Two weeks before the start of a global conference on sustainable development in Rio de Janiero, the United Nations is warning that progress has stalled on key environmental goals the world’s nations have set for themselves, like tackling climate change, combating desertification and protecting biodiversity.

“The world continues to speed down an unsustainable path despite over 500 internationally agreed goals and objectives to support the sustainable management of the environment and improve human well-being,” the United Nations Environmental Program (UNEP) said when it released its Global Environmental Outlook Wednesday.

The world has made progress on only four out of 90 of the most pressing environmental goals and objectives agreed upon as part of the Millennium Development Goals and other international pacts, the UNEP said.

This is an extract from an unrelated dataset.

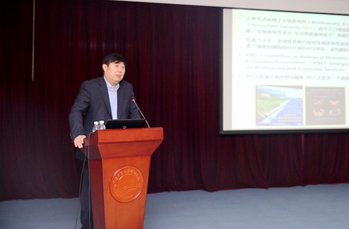 11月21日,海洋研究所2016年度學(xué)術(shù)月活動(dòng)第五場報(bào)告會(huì)舉行,中國科學(xué)院院士、發(fā)展中國家科學(xué)院院士傅伯杰應(yīng)邀做了題為“生物多樣性與生態(tài)系統(tǒng)服務(wù)評(píng)估指標(biāo)體系與方法”的學(xué)術(shù)報(bào)告。孫松所長主持報(bào)告會(huì),王凡書記、王輝副所長以及相關(guān)科研人員、研究生150余人參加了報(bào)告會(huì)。

The four areas where the UN agency found significant progress are:

Reducing substances that deplete the ozone layer.
Removing lead from fuel.
Increasing access to improved water supplies.
Boosting research on ways to reduce pollution of the marine environment.

Little to no progress was made on climate change-related goals such as limiting the increase in average global temperature to less than 2 C above pre-industrial levels or in areas such as revitalization of depleted fish stocks, protection of biodiversity and the combating of desertification.

“The luxury of develop first, clean up later…that age, that century is gone,” said Achim Steiner, UN Under-Secretary General and UNEP executive director.

In some areas, such as wetland and coral reef protection, nations have actually regressed, said the UNEP report, the fifth such overview in 15 years. Coral reefs are at greater risk of extinction than any other living organism and have deteriorated by 38 per cent since 1980, the report found.

Overall, the world is failing to stem the loss of biodiversity, with about 20 per cent of vertebrate species under threat and some natural habitats shrinking by more than 20 per cent since the 1980s.

“We have failed,” said Elizabeth Thompson, executive co-ordinator for the upcmoning Rio conference, dubbed Rio+20. “We have not properly mainstreamed the issue of sustainable development as a way of living, doing business. That is the overall reason why we have not made the kind of progress that we should have.”

The world has made some progress in granting protected status to parks and other natural sites but still remains short of the goal set for 2020, which aims to see 17 per cent of the world’s land and 10 per cent of its marine area protected. Currently, only 13 per cent of land and 1.6 per cent of marine area is protected.